# New critter!



## Eden10 (Aug 11, 2012)

My daughter has had an obsession with guinea-pigs for a while now & while at the pet store with my sis who was getting things for her turtle I took my daughter to look at the piggies & we both instantly fell in love with one of them...shes only 3 & kept getting all excited when she saw him saying "i want that one mum-mum he has hair just like me! hes SOOOO cute!" I had the bottom unit of my DCN free & nothing stopping me [except my fiances reaction lmao] so went ahead & got the lil guy!

I've had A LOT of piggies in the past & it has been a few years since I've had one. Hes a Texel which is REALLY cool! After giving him a day to settle I got him out & hes not shy at all, I found several horrible thick matts on him so had to cut those out & spent a good amount of time brushing him which he didn't appreciate....but now that hes matt free I think he feels better for it!

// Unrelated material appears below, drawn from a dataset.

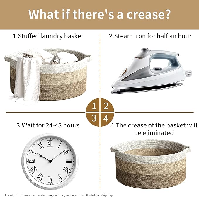 - Note: Blankets basket comes folded and may have creases. Fully fill the rope basket with towels or clothes and wait for 1-2 days will help reshape the blanket basket. Alternatively, use steam or ironing for a quick reshape the laundry basket
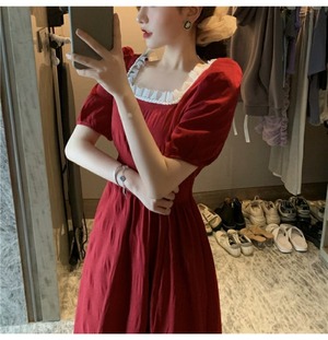 スリーブドレス サマースタンダードメッシュスカート レトロ 夏物 スクウェア ステッチ 香港の味12161523180

My daughter has been calling him 'Curly Wurly' lmao!





3yr olds best friend 


Loves his veggies!...my ratties need to learn a thing or two from him haha ;D


As for the fiance...he didn't even notice him...he sat right by the cage & the piggie was right out eating & my dog was staring into the cage & he STILL didn't notice!!! Men for you! I eventually told our daughter to show daddy Curly Wurly & he was like "who???" & when he saw he just laughed. After seeing him, he was quite taken with the little guy...lovingly said "he looks like a wig" hahaha


----------



## Rumy91989 (Dec 31, 2012)

Oh wow, he's gorgeous!!


----------



## PaigeRose (Apr 12, 2013)

Aaahhhh hahah what a cutie!!!


----------



## 3 ratties (Apr 6, 2013)

He is very cute I love piggies 


Sent from Petguide.com App


----------



## pipsqueak (Sep 5, 2011)

he is so cute! I love his hair!


----------